As GEN went to press, a federal grand jury indicted Elizabeth Holmes and Sunny Balwani, charging them with nine counts of wire fraud and two counts of conspiracy to commit wire fraud. The charges stem from allegations Holmes and Balwani engaged in a multimillion dollar scheme to defraud investors, and a separate scheme to defraud doctors and patients.
Holmes reportedly has quit her position as the CEO of Theranos but is keeping her seat on the board.
The rise and fall of Theranos, the blood-testing company founded and led by Stanford University dropout Elizabeth Holmes, doesn’t qualify as tragedy, for tragedy requires the ruin of a noble character.
Instead, as a newly released best-selling book suggests, the Theranos story is a cautionary tale.
The book, Bad Blood: Secrets and Lies in a Silicon Valley Startup, is by investigative reporter John Carreyrou, who broke the Theranos story for the Wall Street Journal back in 2015. Besides detailing the questionable goings-on at Theranos, Bad Blood warns that Silicon Valley–style hype—which is hardly unique to Theranos—can result in harm beyond the rhetorical. It can waste enormous amounts of time and money. Even worse, it can take a sinister turn and threaten people’s lives—especially if it impacts the world of biotechnology.
The story begins with Elizabeth Holmes.

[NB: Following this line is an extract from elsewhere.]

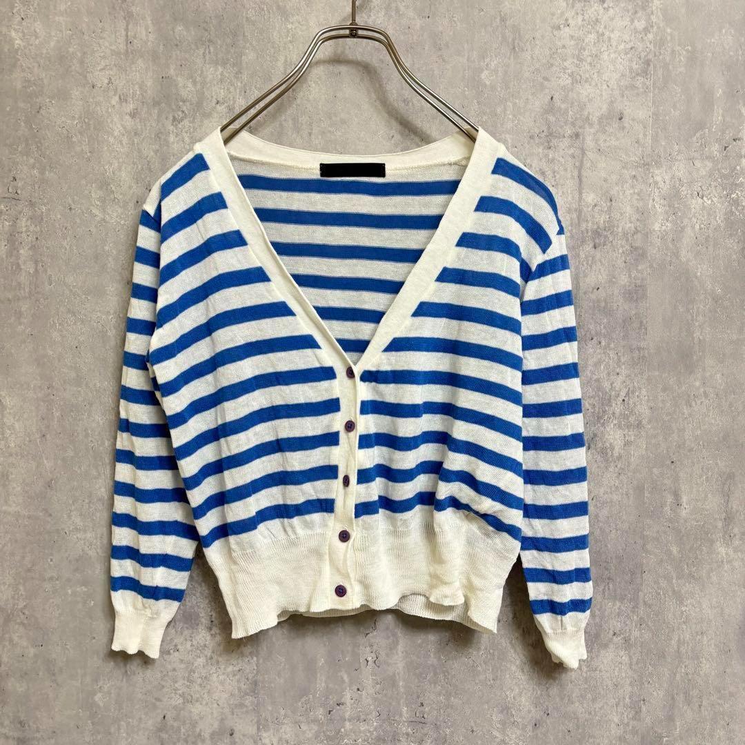 - 【2nd from in】カーディガン 青白ボーダー 薄手 レディース コンサバ

She managed to convince many powerful people that she had created a way to run hundreds of laboratory tests on a finger prick’s amount of blood. She was so persuasive that the Theranos blood-testing technology was used on blood samples collected in a consumer setting. And Theranos attained a market valuation in excess of $9 billion.
But the technology she claimed to possess never existed.
So how did she do it? How did she convince so many people into believing her claims? To answer that question, Carreyrou interviewed more than 150 people, including more than 60 former Theranos employees.
Lies, Damned Lies, and Business Development
Like any entrepreneur, Holmes was optimistic about her technology. But while bottomless optimism may serve well in the Silicon Valley world of software tech startups, such optimism in the biotech universe can cause the most profound harm if it is backed by lies.
“All entrepreneurs are optimists,” Rodrigo Martinez, chief marketing and design officer at Veritas Genetics, tells GEN after reading Bad Blood. “Otherwise, why would they think they would be able to do something that is very difficult to do?”
Nonetheless, he stresses that there is a line between projecting a positive image (also known as putting your best foot forward) and spreading lies.
As Carreyrou shows throughout Bad Blood, Holmes did more than indulge in optimism, she also projected a positive image that depended on secrecy. She never revealed the true state of her company’s technology.
When she flew to Switzerland in 2006 to demonstrate her blood-testing system for pharmaceutical manufacturer Novartis, the test result was obtained by rigging the system to display a previously recorded result. She pulled this sham demonstration on more than one occasion.
At one point, prospective investors came to believe that the Theranos blood-testing system was being used by the U.S. military, which was not the case. The investors saw the relationship as proof that the Theranos technology worked, so they bought in.
While courting a major drug store chain for a business deal, Theranos stated in an email that the company had a commercially ready laboratory and a blood-testing system that could perform nearly 200 blood tests, neither of which was true. Even when the pharmacy chain began offering Theranos blood tests to patients in 2013, it was unaware that no device existed that could perform hundreds of blood tests on a drop of blood. In truth, the blood samples were being shipped back to the Theranos lab in Palo Alto, CA, and analyzed on either the company’s faulty, proprietary blood-testing system or modified commercial blood analyzers.
Holmes also skirted regulations by enlisting the help of Sunny Balwani, her top senior executive. For example, during a lab inspection, Balwani made sure the state inspector never saw the area of the lab that held the proprietary blood-testing devices. Theranos also played loose with proficiency tests, which regulators use to verify the accuracy and reliability of a lab’s testing.
“If you lie about an app that people download to play on your phone or lie about an app that allows you to order pizza three minutes faster than the other one, fine. The market will make a correction for that,” says Martinez. “By doing that, you don’t play with people’s lives.” In contrast, Martinez continues, Holmes really did play with people’s lives, because she was promoting a nonexistent healthcare technology.
Investors, board members, reporters, and others believed the falsehoods for a variety of reasons, one of which was the charisma and charm Holmes exuded. From the perspective of Holmes’ close college friend, Carreyrou writes, “she had this intense way of looking at you while she spoke that made you believe in her and want to follow her.” At one point, the board of directors was inclined to remove Holmes as CEO, but then she reversed the board’s decision by using “just the right mix of contrition and charm.”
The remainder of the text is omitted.